WHAT THE EXERCISE ASKS:
Word for word, retype the lines from the one containing "プ re イヤー一人一人に「タブー」を与えて、その「タブー」を破った人はゲームから扶手する。" to the one containing "Q: What modes" below, keeping both end lines and dropping the pictures.

GIVEN RECORDS: Begin

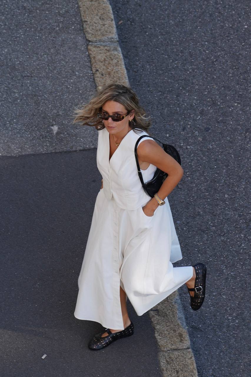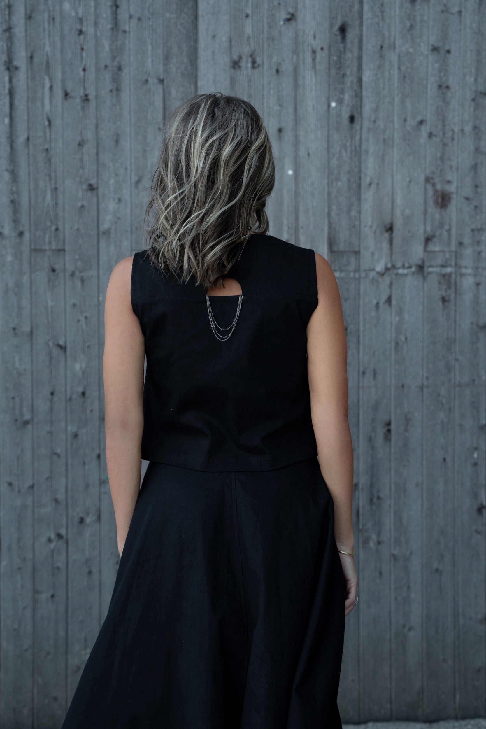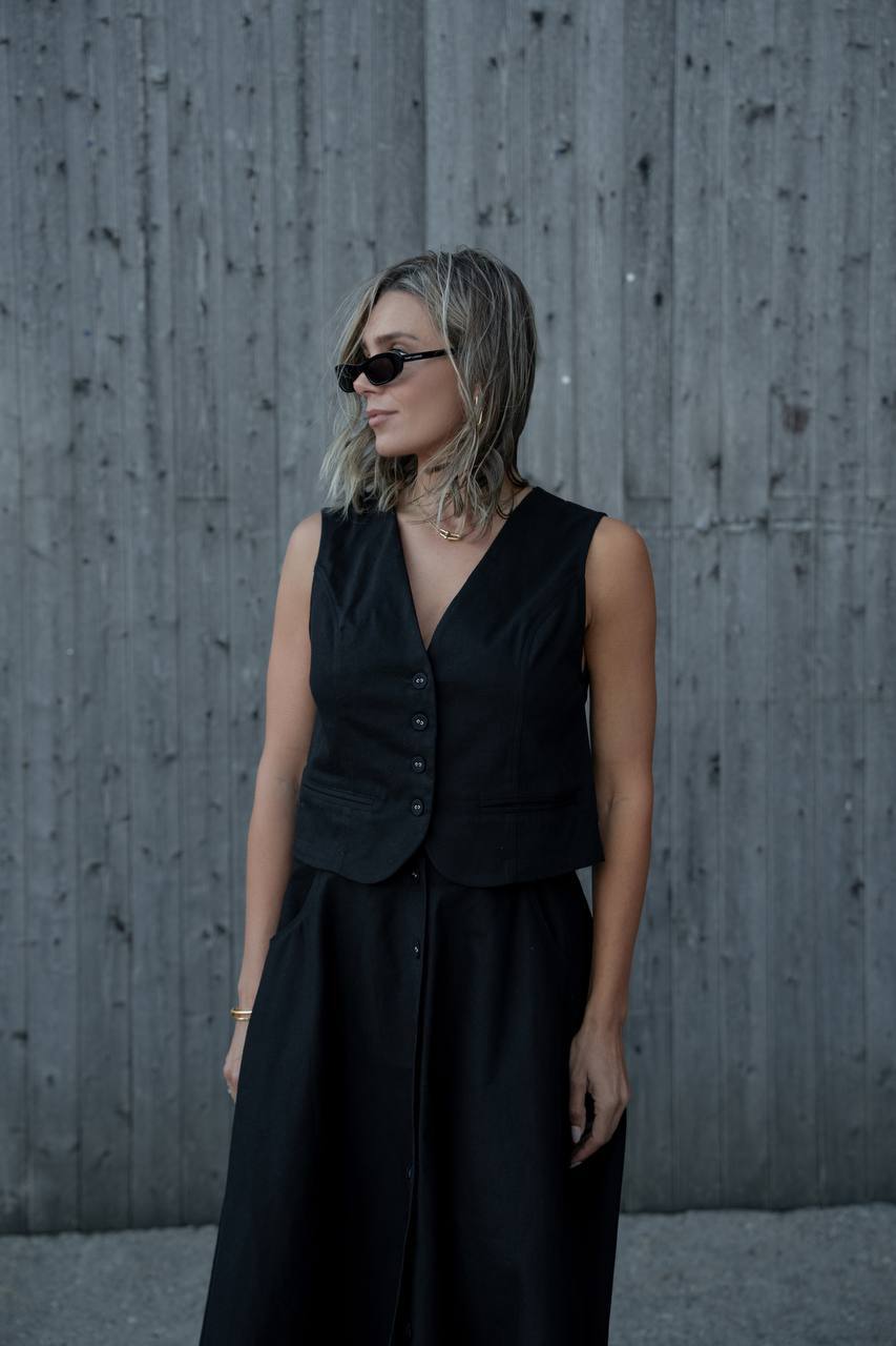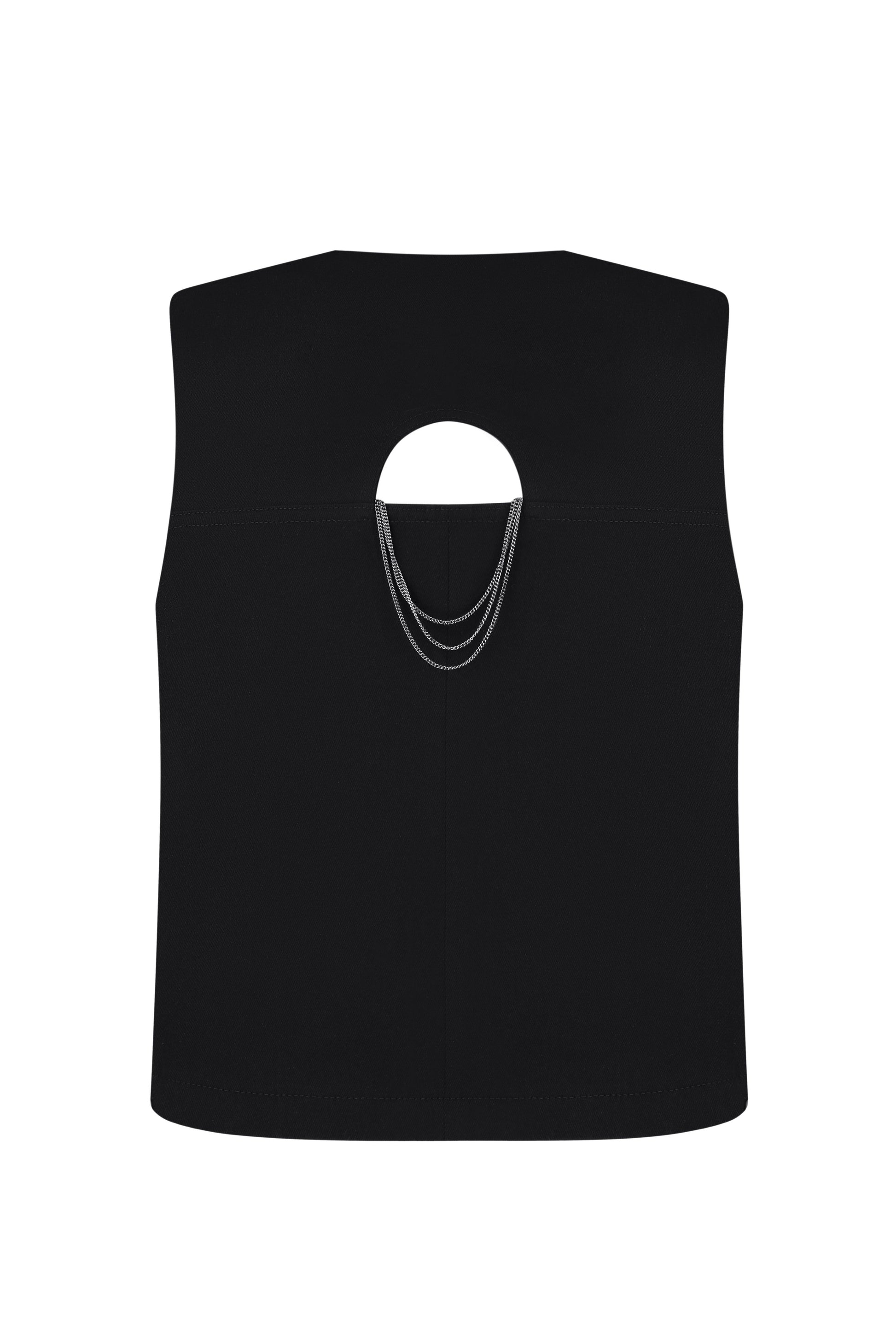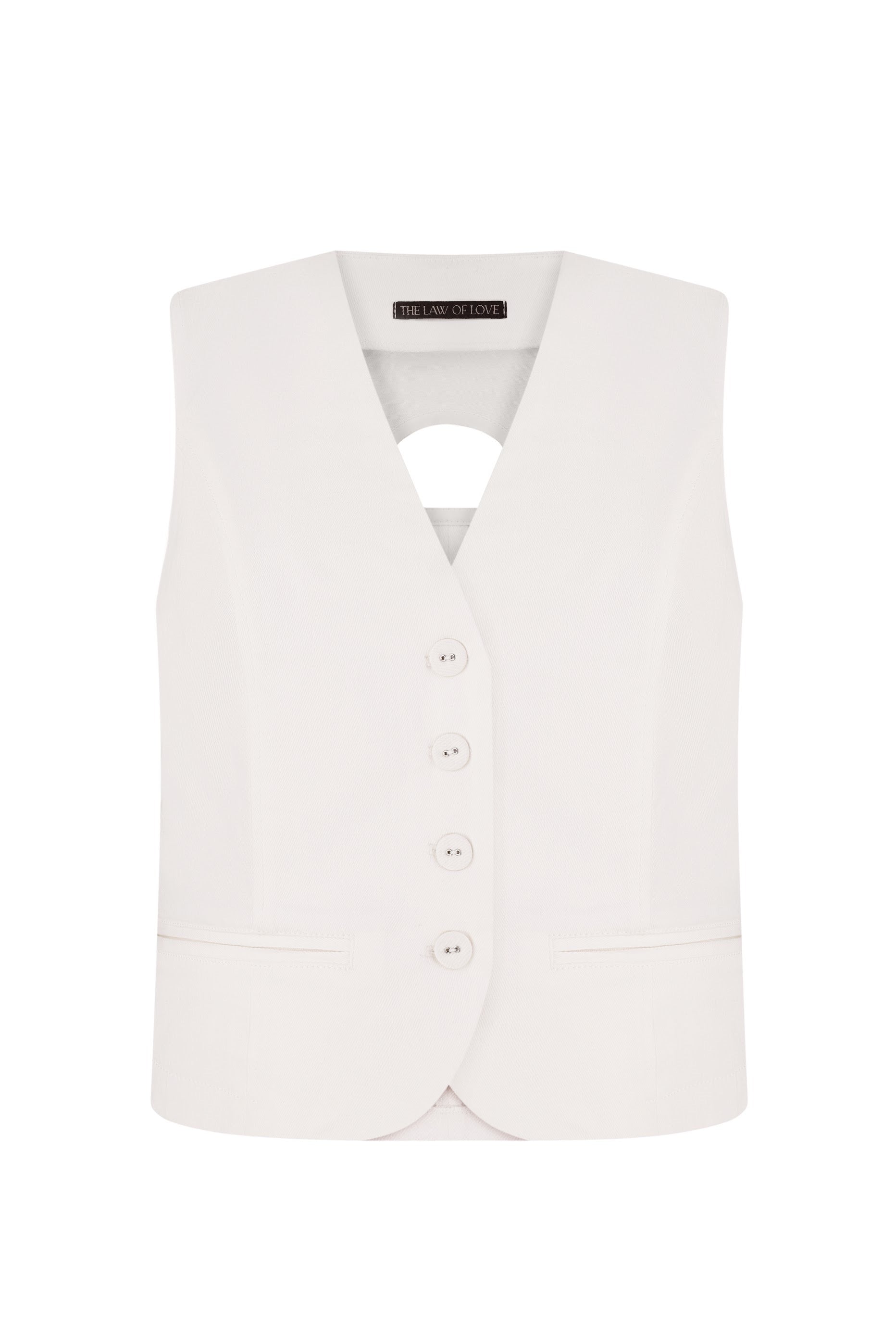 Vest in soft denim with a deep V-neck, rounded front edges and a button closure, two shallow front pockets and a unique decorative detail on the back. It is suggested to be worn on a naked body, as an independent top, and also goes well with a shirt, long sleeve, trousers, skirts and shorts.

GIVEN RECORDS: End
GIVEN RECORDS: Begin

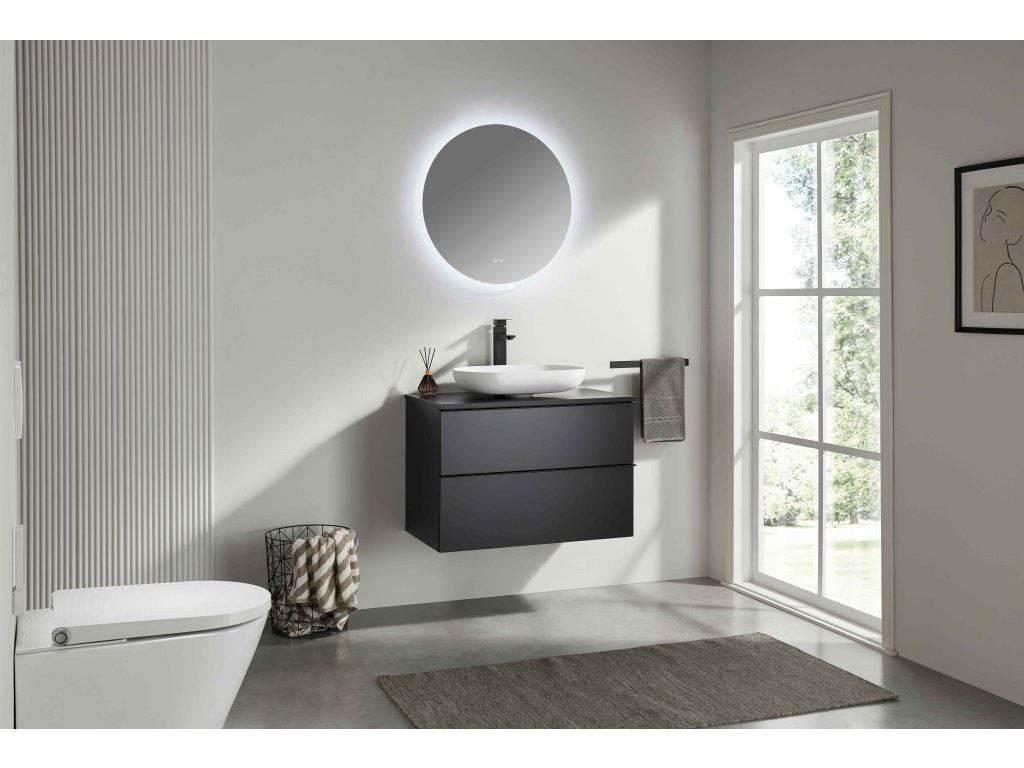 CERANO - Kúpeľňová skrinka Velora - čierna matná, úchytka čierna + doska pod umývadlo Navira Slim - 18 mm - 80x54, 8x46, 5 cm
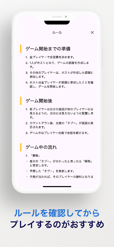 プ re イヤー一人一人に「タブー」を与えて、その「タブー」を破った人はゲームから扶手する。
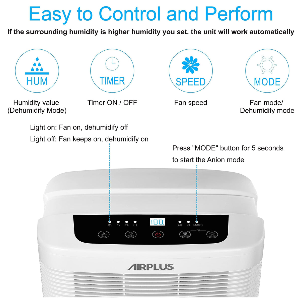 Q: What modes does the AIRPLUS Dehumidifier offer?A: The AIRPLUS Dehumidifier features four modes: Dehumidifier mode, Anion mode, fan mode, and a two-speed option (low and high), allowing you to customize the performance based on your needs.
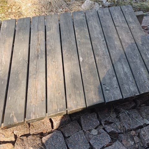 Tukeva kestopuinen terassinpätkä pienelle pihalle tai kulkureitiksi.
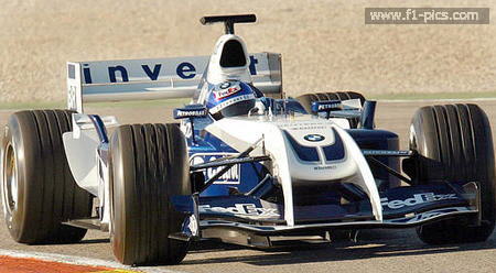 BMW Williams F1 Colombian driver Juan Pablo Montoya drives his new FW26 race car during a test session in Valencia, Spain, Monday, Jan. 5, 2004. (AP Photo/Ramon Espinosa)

GIVEN RECORDS: End
GIVEN RECORDS: Begin

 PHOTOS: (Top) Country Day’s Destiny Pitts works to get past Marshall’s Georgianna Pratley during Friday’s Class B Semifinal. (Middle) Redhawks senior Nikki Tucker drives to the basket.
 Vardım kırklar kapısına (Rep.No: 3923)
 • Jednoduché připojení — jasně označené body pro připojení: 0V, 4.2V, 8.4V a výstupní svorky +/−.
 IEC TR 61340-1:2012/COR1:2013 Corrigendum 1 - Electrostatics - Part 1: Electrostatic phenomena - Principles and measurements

GIVEN RECORDS: End

WRITTEN ANSWER:
 プ re イヤー一人一人に「タブー」を与えて、その「タブー」を破った人はゲームから扶手する。
 Q: What modes does the AIRPLUS Dehumidifier offer?A: The AIRPLUS Dehumidifier features four modes: Dehumidifier mode, Anion mode, fan mode, and a two-speed option (low and high), allowing you to customize the performance based on your needs.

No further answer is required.